--- What you need to do ---
A word-for-word copy of the data, pictures excluded, is what this task asks for.
--- Given records Enclosed Below ---
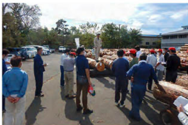
秋田県銘木センターのせり売り

令和3年度は、高齢級秋田杉（林齢100年生以上）を617m 3 生産し、委託販売（せり売り）しました。令和4年度は高齢級秋田杉300m 3 の生産を予定し、虫害時期を避けた9月以降に販売することとしています。
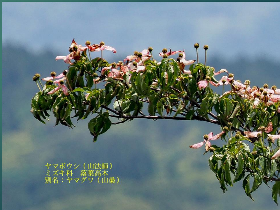
ヤマボウシ（山法師） ミズキ科 落葉高木 別名：ヤマグワ（山桑）
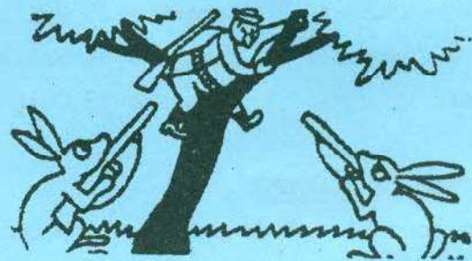
- Le cauchemar du chasseur -
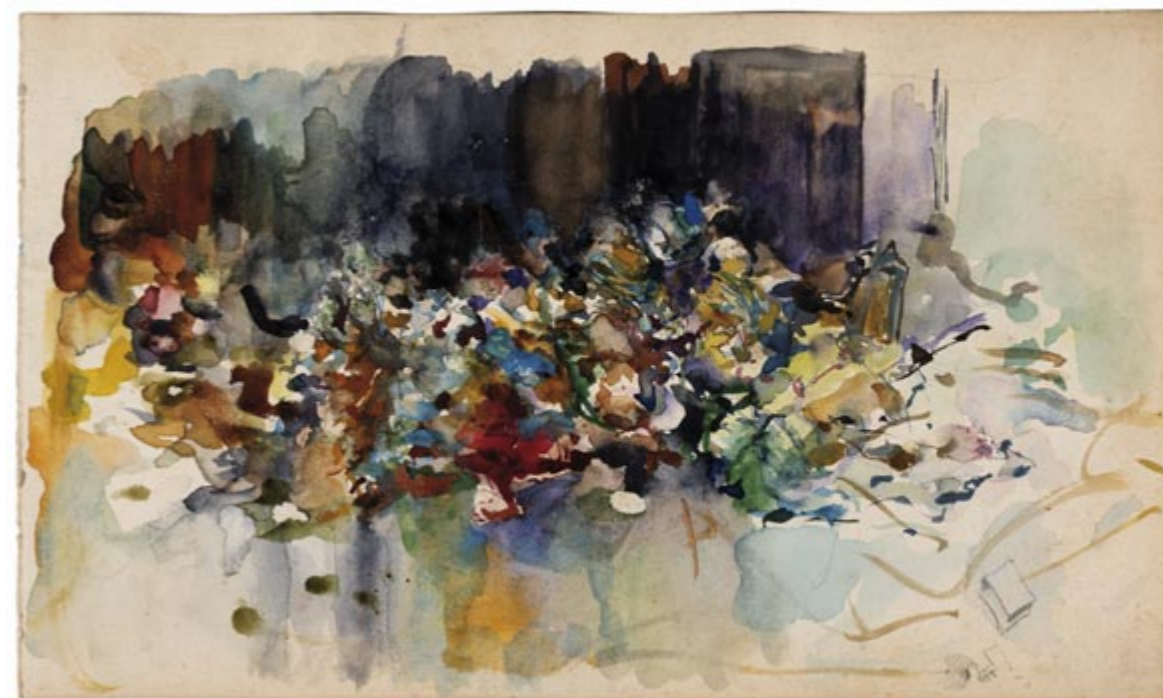
Page 10, recto
--- End of Enclosed Given records ---
--- Answer to the exercise ---
秋田県銘木センターのせり売り

令和3年度は、高齢級秋田杉（林齢100年生以上）を617m 3 生産し、委託販売（せり売り）しました。令和4年度は高齢級秋田杉300m 3 の生産を予定し、虫害時期を避けた9月以降に販売することとしています。
ヤマボウシ（山法師） ミズキ科 落葉高木 別名：ヤマグワ（山桑）
- Le cauchemar du chasseur -
Page 10, recto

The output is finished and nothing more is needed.